You really can't have too big of a bucket. You can't get enough snow on a skid steer with anything less then a 3 yard bucket to actually slow it down. Wider is better.
I can pull up on a driveway, slam on the parking brake. Walk out, unhook the safety chain on the way back. Drop the ramp, climb into the skid, and drive down. Total time is under a minute. 
My bucket is only 62 inches wide, but is like 4 feet long. You can dig out ANYTHING with a big bucket. Wet snow, ice, roof slides, lumber, rocks, rail road ties, rebar, anything. If you hit some of that stuff with a blower, life sucks.
Anyway, dig out the driveways, back to the trailer, back it on the trailer. The sides guide me in, so it isn't a precision plan, and you can't fall off the trailer. Throw up the ramp, safety chain, and back in the truck and down the road I go. 
I bet I have 2000 pounds tongue weight loaded backwards. LOTS and LOTS of traction. If I go around corners too fast, the trailer breaks loose before the trucks slides. I love my powersmoke.
If I have two customers a block apart, I'll road the skid, but if they are two blocks away, I'll load.

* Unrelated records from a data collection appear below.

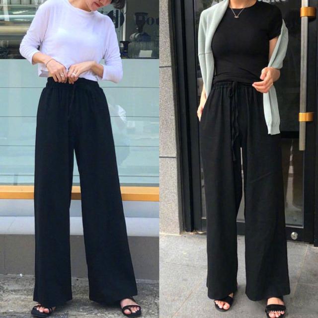 穿衣搭配也注重服饰的使用率,一衣多穿再常见不过。同一件黑色阔腿裤经过不同的搭配,会有完全不同的效果。如白色长袖T恤搭配黑色阔腿裤,经典的黑白色组合,十分耐看,同时自带高级时髦感,简简单单不出错。黑色短袖T恤搭配黑色阔腿裤,全身的黑色,需要一些调节才显时髦,小项链和肩头叠穿都是不错的调节手法。
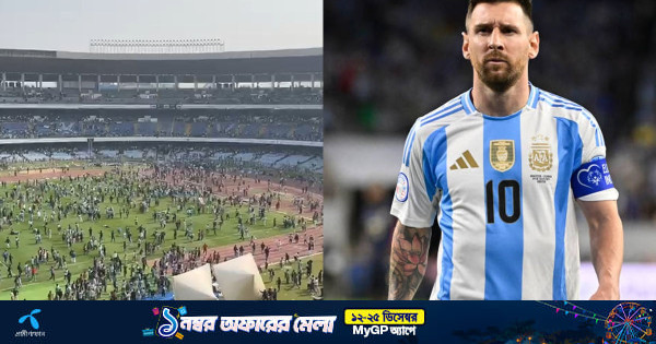 শনিবার সকালে যুবভারতী স্টেডিয়ামে পা রাখতেই গ্যালারি কানায় কানায় পূর্ণ হয়ে ওঠে। কিন্তু দীর্ঘ অপেক্ষার পরও মেসির মাঠ প্রদক্ষিণ বা কাছ থেকে দর্শনের সুযোগ না পেয়ে একাংশ দর্শক ক্ষুব্ধ হয়ে ওঠেন। রেলিং ভেঙে মাঠে ঢুকে পড়া, চেয়ার ও পানির বোতল ছোড়া- সব মিলিয়ে রীতিমতো রণক্ষেত্রের রূপ নেয় স্টেডিয়াম।
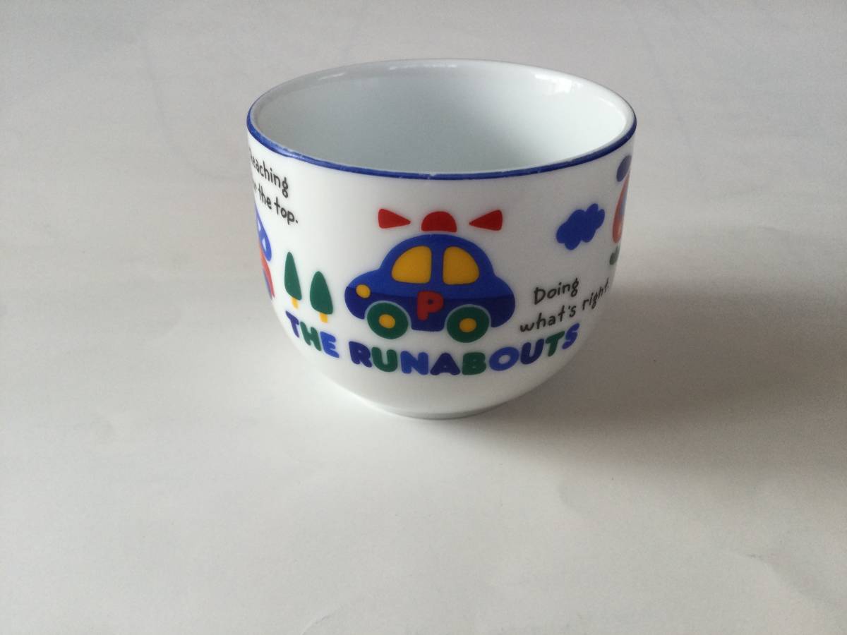 > 1994年 サンリオ ラナバウツ 湯呑み 湯のみ コップ 飛行機 パトカー ヘリコプター f船 のりもの サンリオ旧ロゴ レア

This winter I have been praying for NO SNOW. I got in with a contractor building 25 houses in a subdivision. I dig out the houses, between the houses, clear the snow, move construction materials, clean garages, etc. for them. The contractor was going to quit for 3 months this winter due to snow, which would have cost him a LOT of money. So far we've worked all winter. Subs would rather work on our projects cuz the snow is GONE.

A phone call today: "Hey, we're ready for final on lot 45. Could you run out there adn find us the water main so we can stuff a meter?" 3 hours at 50 bucks. "Oh, while you are there, clear out 52-57, as the siders are starting Thursday." 12 more hours.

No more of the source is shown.